## PROMPT
Print, word for word, the opening line of the data below and every line after it through the line that contains "近日,学院党委收到了2017", but not the pictures.

[Excerpts from a dataset]
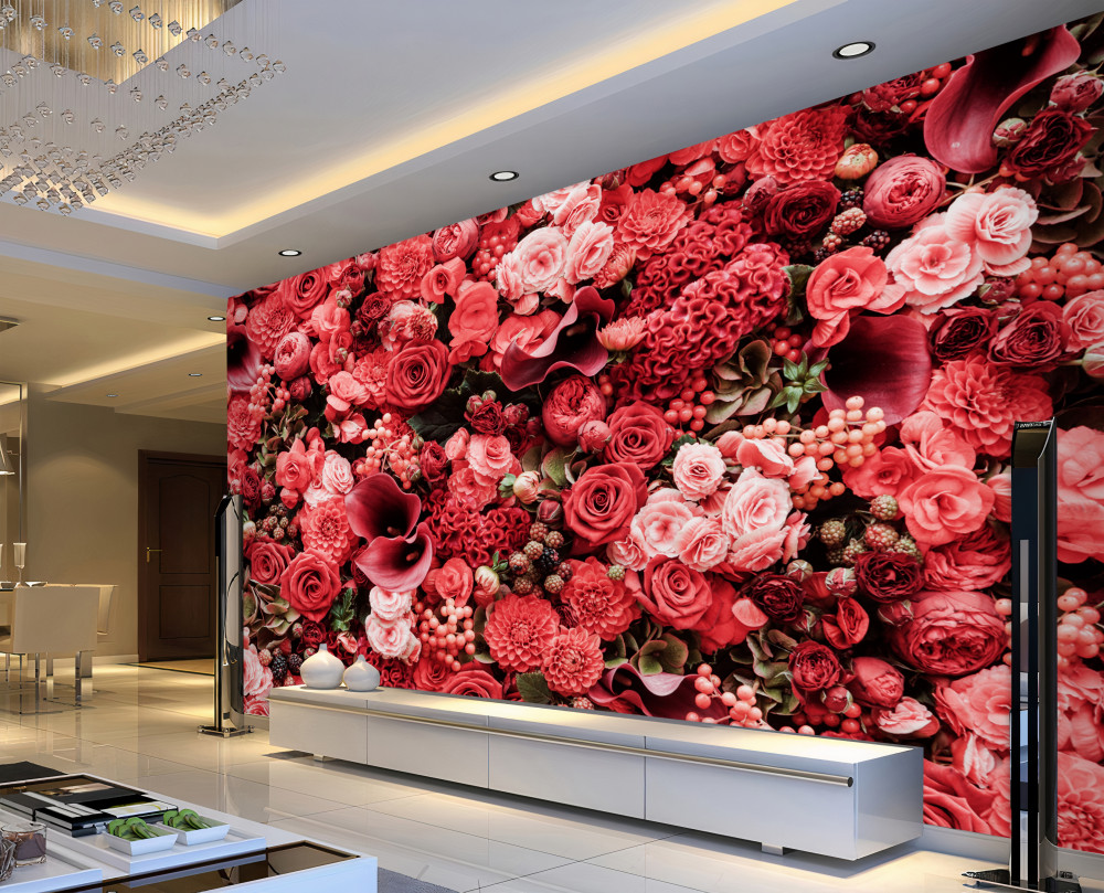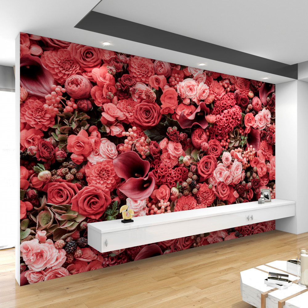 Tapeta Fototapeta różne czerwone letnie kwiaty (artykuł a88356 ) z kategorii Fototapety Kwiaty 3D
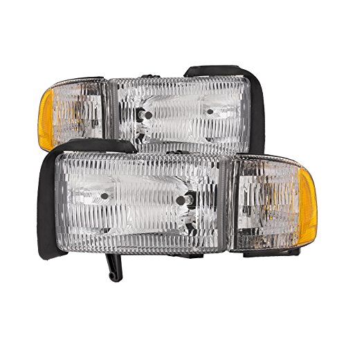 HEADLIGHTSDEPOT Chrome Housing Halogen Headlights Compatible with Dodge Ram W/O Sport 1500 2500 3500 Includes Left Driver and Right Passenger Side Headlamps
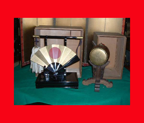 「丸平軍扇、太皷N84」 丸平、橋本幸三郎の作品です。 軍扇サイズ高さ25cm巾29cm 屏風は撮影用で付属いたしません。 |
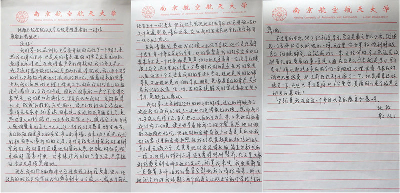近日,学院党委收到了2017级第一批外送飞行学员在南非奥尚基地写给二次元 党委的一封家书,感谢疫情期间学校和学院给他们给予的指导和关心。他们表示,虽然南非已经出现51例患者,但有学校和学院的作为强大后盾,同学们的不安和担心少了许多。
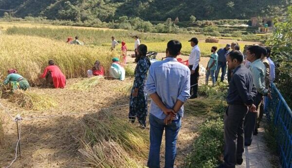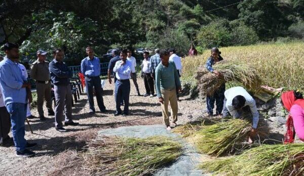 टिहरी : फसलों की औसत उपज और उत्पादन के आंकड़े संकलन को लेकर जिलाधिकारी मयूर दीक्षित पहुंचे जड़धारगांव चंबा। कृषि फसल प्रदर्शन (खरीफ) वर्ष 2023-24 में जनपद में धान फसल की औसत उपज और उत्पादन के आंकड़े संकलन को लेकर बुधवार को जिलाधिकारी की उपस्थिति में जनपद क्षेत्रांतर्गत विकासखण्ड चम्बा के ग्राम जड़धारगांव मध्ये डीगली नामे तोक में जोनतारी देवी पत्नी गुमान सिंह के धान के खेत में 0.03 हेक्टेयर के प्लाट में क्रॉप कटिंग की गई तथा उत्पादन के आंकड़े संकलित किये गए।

## OUTPUT FOR THIS TASK
 Tapeta Fototapeta różne czerwone letnie kwiaty (artykuł a88356 ) z kategorii Fototapety Kwiaty 3D
 HEADLIGHTSDEPOT Chrome Housing Halogen Headlights Compatible with Dodge Ram W/O Sport 1500 2500 3500 Includes Left Driver and Right Passenger Side Headlamps
 「丸平軍扇、太皷N84」 丸平、橋本幸三郎の作品です。 軍扇サイズ高さ25cm巾29cm 屏風は撮影用で付属いたしません。 |
近日,学院党委收到了2017级第一批外送飞行学员在南非奥尚基地写给二次元 党委的一封家书,感谢疫情期间学校和学院给他们给予的指导和关心。他们表示,虽然南非已经出现51例患者,但有学校和学院的作为强大后盾,同学们的不安和担心少了许多。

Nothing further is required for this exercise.